→ **Directions for this task**: Copy all the records word for word, apart from any pictures.

================

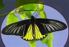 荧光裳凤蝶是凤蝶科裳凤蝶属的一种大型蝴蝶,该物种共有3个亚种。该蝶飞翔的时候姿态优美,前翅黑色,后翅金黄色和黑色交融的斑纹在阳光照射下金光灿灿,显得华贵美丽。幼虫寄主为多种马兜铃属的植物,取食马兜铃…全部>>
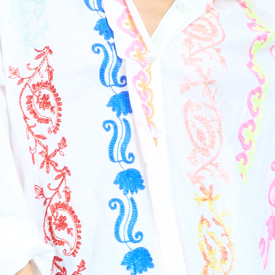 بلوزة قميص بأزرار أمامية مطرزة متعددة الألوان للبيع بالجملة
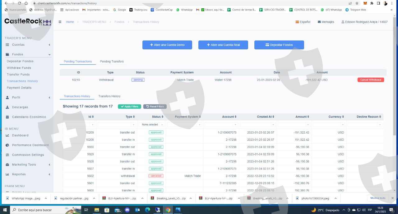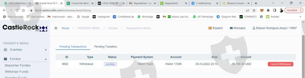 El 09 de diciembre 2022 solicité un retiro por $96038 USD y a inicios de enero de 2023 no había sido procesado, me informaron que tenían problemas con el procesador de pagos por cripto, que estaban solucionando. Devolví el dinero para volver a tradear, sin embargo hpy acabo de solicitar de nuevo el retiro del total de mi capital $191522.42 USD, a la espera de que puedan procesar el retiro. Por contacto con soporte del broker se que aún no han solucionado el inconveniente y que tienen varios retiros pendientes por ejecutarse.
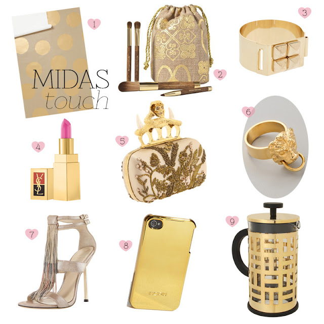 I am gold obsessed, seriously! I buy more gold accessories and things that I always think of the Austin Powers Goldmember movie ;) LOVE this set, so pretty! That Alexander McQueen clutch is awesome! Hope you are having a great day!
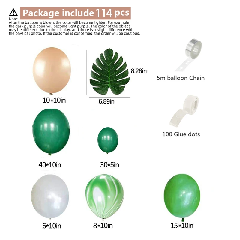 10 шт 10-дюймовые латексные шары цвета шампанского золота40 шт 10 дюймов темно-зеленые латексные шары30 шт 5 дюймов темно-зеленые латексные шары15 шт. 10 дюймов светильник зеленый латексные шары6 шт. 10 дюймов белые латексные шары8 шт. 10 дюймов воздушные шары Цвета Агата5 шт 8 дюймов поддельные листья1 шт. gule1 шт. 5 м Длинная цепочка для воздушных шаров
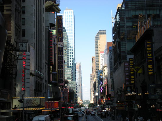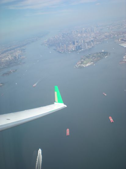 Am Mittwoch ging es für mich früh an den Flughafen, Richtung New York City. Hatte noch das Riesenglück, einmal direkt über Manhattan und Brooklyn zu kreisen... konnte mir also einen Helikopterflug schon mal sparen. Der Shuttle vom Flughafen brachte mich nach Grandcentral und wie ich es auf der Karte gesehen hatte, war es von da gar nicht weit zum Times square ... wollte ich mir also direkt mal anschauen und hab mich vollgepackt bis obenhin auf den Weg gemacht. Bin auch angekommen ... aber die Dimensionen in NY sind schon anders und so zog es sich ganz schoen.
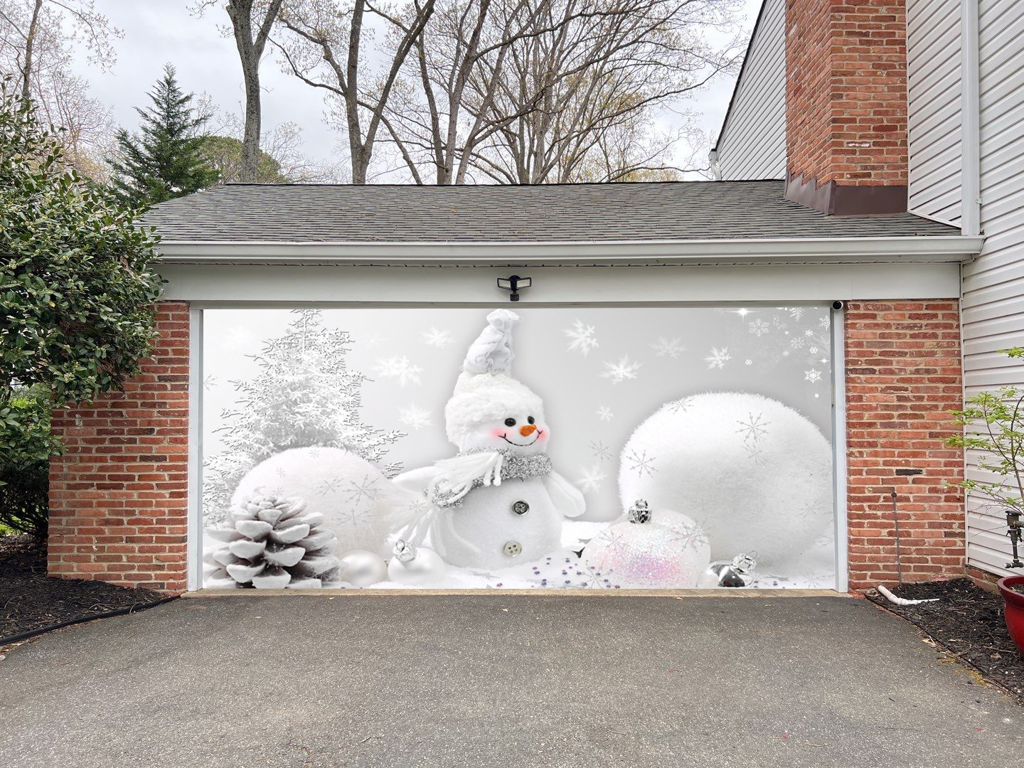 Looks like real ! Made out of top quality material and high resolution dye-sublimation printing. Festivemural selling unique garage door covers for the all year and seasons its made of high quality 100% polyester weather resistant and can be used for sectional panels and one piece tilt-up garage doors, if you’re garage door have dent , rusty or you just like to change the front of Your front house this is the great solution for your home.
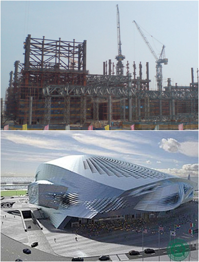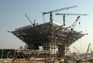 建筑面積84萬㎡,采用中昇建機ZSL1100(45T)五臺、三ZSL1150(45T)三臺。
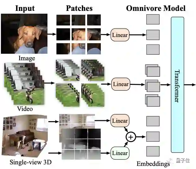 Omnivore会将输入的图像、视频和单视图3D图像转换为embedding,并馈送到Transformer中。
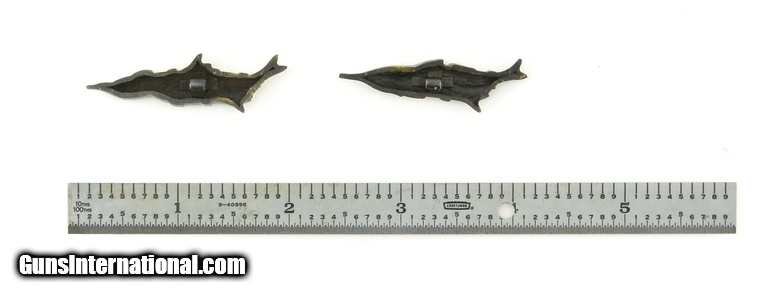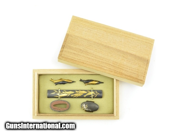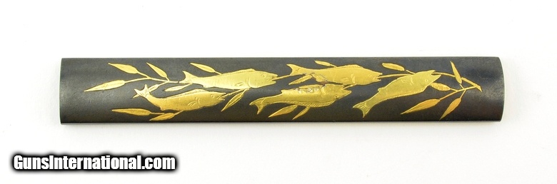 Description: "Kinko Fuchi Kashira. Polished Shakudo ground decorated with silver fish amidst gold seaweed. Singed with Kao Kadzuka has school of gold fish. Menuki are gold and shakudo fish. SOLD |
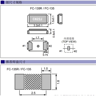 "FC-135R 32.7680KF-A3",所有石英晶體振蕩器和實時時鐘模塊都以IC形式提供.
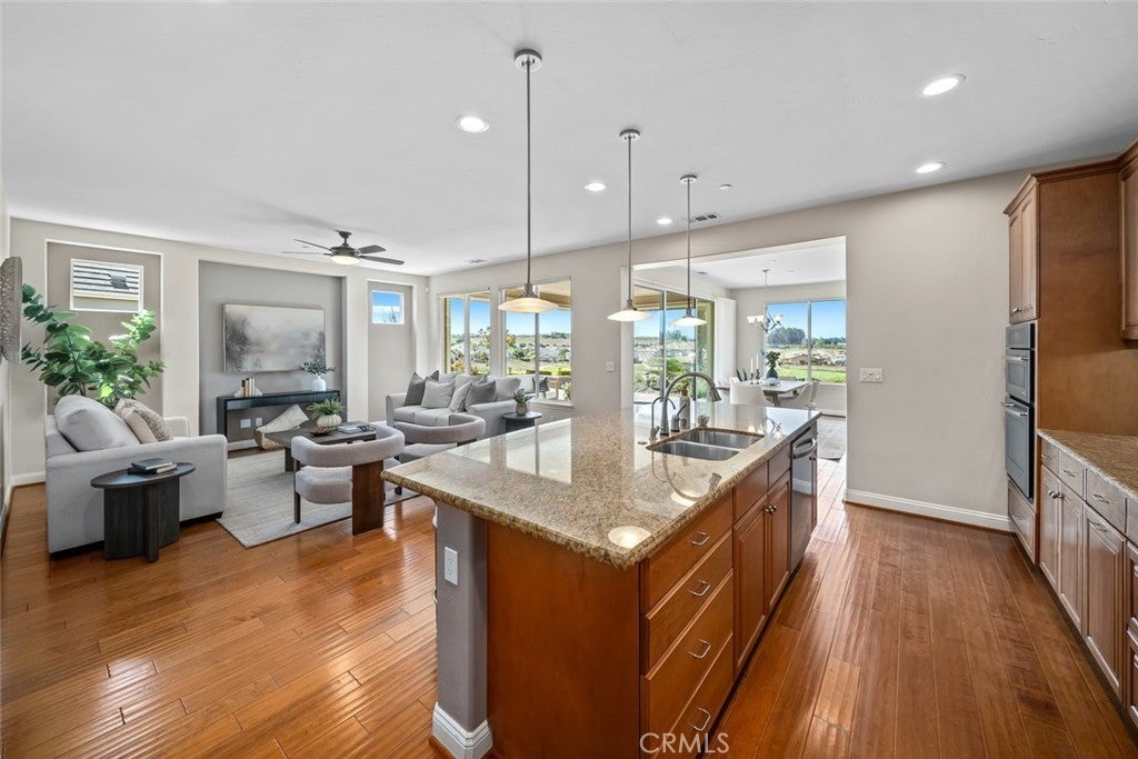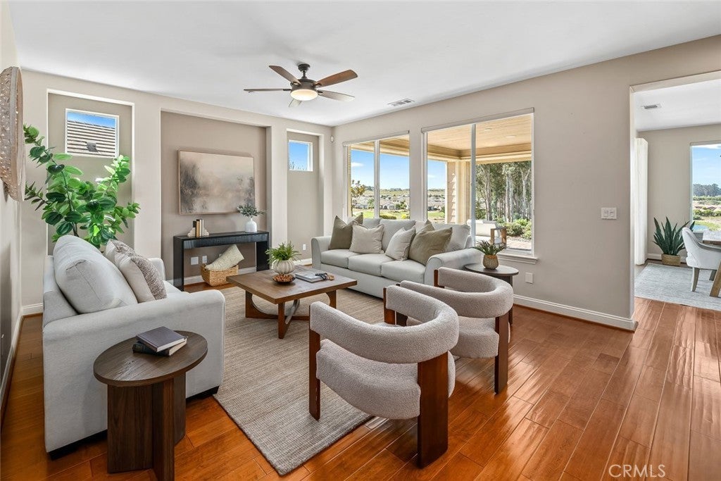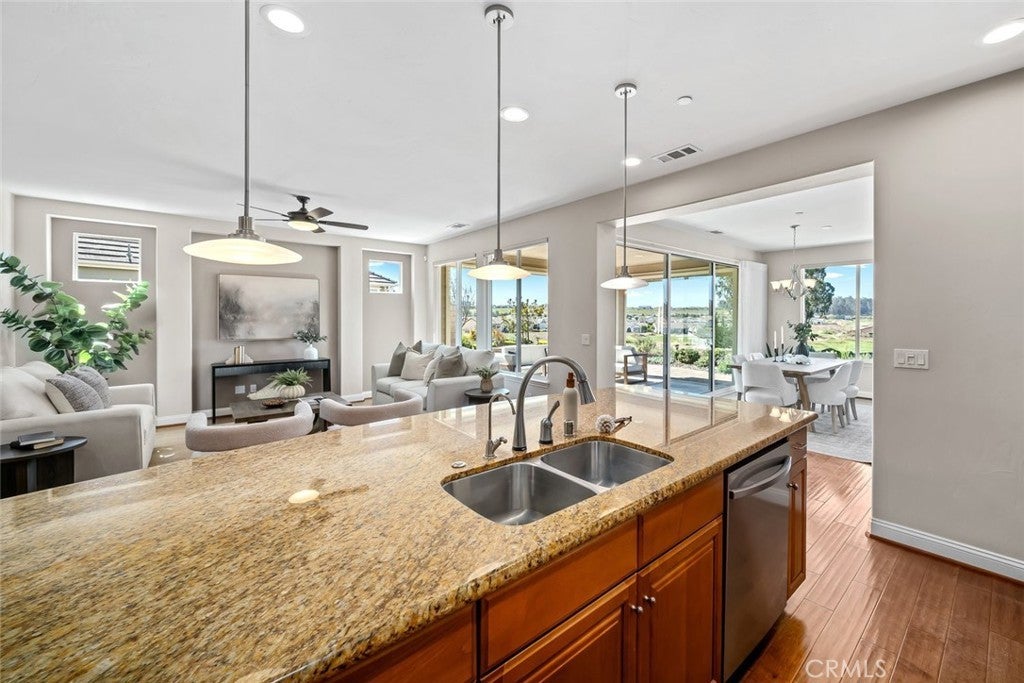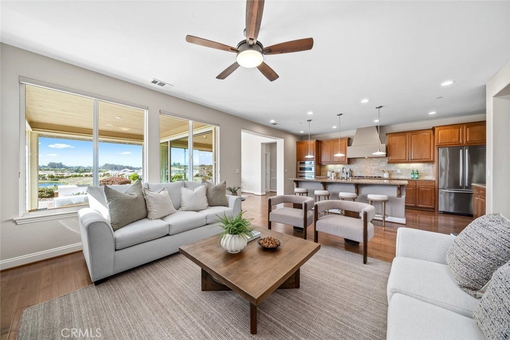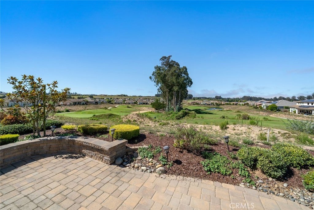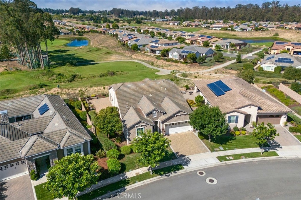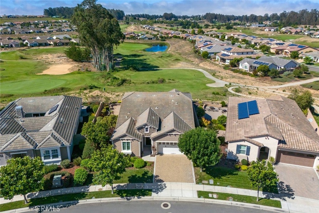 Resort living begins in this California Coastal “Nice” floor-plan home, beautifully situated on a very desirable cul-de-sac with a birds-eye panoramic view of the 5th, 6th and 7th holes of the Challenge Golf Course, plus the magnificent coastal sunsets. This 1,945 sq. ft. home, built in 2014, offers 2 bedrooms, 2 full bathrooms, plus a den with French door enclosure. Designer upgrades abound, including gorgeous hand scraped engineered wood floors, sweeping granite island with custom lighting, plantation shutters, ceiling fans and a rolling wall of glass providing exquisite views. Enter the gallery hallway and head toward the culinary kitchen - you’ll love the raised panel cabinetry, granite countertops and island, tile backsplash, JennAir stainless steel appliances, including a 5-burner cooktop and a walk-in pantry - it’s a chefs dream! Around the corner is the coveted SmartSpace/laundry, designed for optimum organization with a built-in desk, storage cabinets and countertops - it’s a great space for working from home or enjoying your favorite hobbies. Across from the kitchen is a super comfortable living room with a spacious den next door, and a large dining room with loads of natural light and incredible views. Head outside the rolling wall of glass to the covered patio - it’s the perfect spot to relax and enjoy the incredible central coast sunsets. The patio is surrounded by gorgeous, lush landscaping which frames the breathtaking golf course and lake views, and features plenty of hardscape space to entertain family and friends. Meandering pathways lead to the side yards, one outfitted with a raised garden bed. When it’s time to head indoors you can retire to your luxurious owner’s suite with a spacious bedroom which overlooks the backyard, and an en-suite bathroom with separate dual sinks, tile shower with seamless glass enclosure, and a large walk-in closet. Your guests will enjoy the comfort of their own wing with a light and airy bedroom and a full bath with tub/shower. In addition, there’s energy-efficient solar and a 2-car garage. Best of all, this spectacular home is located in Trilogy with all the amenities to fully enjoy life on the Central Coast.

================

→ **Your solution**:
 荧光裳凤蝶是凤蝶科裳凤蝶属的一种大型蝴蝶,该物种共有3个亚种。该蝶飞翔的时候姿态优美,前翅黑色,后翅金黄色和黑色交融的斑纹在阳光照射下金光灿灿,显得华贵美丽。幼虫寄主为多种马兜铃属的植物,取食马兜铃…全部>>
 بلوزة قميص بأزرار أمامية مطرزة متعددة الألوان للبيع بالجملة
 El 09 de diciembre 2022 solicité un retiro por $96038 USD y a inicios de enero de 2023 no había sido procesado, me informaron que tenían problemas con el procesador de pagos por cripto, que estaban solucionando. Devolví el dinero para volver a tradear, sin embargo hpy acabo de solicitar de nuevo el retiro del total de mi capital $191522.42 USD, a la espera de que puedan procesar el retiro. Por contacto con soporte del broker se que aún no han solucionado el inconveniente y que tienen varios retiros pendientes por ejecutarse.
 I am gold obsessed, seriously! I buy more gold accessories and things that I always think of the Austin Powers Goldmember movie ;) LOVE this set, so pretty! That Alexander McQueen clutch is awesome! Hope you are having a great day!
 10 шт 10-дюймовые латексные шары цвета шампанского золота40 шт 10 дюймов темно-зеленые латексные шары30 шт 5 дюймов темно-зеленые латексные шары15 шт. 10 дюймов светильник зеленый латексные шары6 шт. 10 дюймов белые латексные шары8 шт. 10 дюймов воздушные шары Цвета Агата5 шт 8 дюймов поддельные листья1 шт. gule1 шт. 5 м Длинная цепочка для воздушных шаров
 Am Mittwoch ging es für mich früh an den Flughafen, Richtung New York City. Hatte noch das Riesenglück, einmal direkt über Manhattan und Brooklyn zu kreisen... konnte mir also einen Helikopterflug schon mal sparen. Der Shuttle vom Flughafen brachte mich nach Grandcentral und wie ich es auf der Karte gesehen hatte, war es von da gar nicht weit zum Times square ... wollte ich mir also direkt mal anschauen und hab mich vollgepackt bis obenhin auf den Weg gemacht. Bin auch angekommen ... aber die Dimensionen in NY sind schon anders und so zog es sich ganz schoen.
 Looks like real ! Made out of top quality material and high resolution dye-sublimation printing. Festivemural selling unique garage door covers for the all year and seasons its made of high quality 100% polyester weather resistant and can be used for sectional panels and one piece tilt-up garage doors, if you’re garage door have dent , rusty or you just like to change the front of Your front house this is the great solution for your home.
 建筑面積84萬㎡,采用中昇建機ZSL1100(45T)五臺、三ZSL1150(45T)三臺。
 Omnivore会将输入的图像、视频和单视图3D图像转换为embedding,并馈送到Transformer中。
 Description: "Kinko Fuchi Kashira. Polished Shakudo ground decorated with silver fish amidst gold seaweed. Singed with Kao Kadzuka has school of gold fish. Menuki are gold and shakudo fish. SOLD |
 "FC-135R 32.7680KF-A3",所有石英晶體振蕩器和實時時鐘模塊都以IC形式提供.
 Resort living begins in this California Coastal “Nice” floor-plan home, beautifully situated on a very desirable cul-de-sac with a birds-eye panoramic view of the 5th, 6th and 7th holes of the Challenge Golf Course, plus the magnificent coastal sunsets. This 1,945 sq. ft. home, built in 2014, offers 2 bedrooms, 2 full bathrooms, plus a den with French door enclosure. Designer upgrades abound, including gorgeous hand scraped engineered wood floors, sweeping granite island with custom lighting, plantation shutters, ceiling fans and a rolling wall of glass providing exquisite views. Enter the gallery hallway and head toward the culinary kitchen - you’ll love the raised panel cabinetry, granite countertops and island, tile backsplash, JennAir stainless steel appliances, including a 5-burner cooktop and a walk-in pantry - it’s a chefs dream! Around the corner is the coveted SmartSpace/laundry, designed for optimum organization with a built-in desk, storage cabinets and countertops - it’s a great space for working from home or enjoying your favorite hobbies. Across from the kitchen is a super comfortable living room with a spacious den next door, and a large dining room with loads of natural light and incredible views. Head outside the rolling wall of glass to the covered patio - it’s the perfect spot to relax and enjoy the incredible central coast sunsets. The patio is surrounded by gorgeous, lush landscaping which frames the breathtaking golf course and lake views, and features plenty of hardscape space to entertain family and friends. Meandering pathways lead to the side yards, one outfitted with a raised garden bed. When it’s time to head indoors you can retire to your luxurious owner’s suite with a spacious bedroom which overlooks the backyard, and an en-suite bathroom with separate dual sinks, tile shower with seamless glass enclosure, and a large walk-in closet. Your guests will enjoy the comfort of their own wing with a light and airy bedroom and a full bath with tub/shower. In addition, there’s energy-efficient solar and a 2-car garage. Best of all, this spectacular home is located in Trilogy with all the amenities to fully enjoy life on the Central Coast.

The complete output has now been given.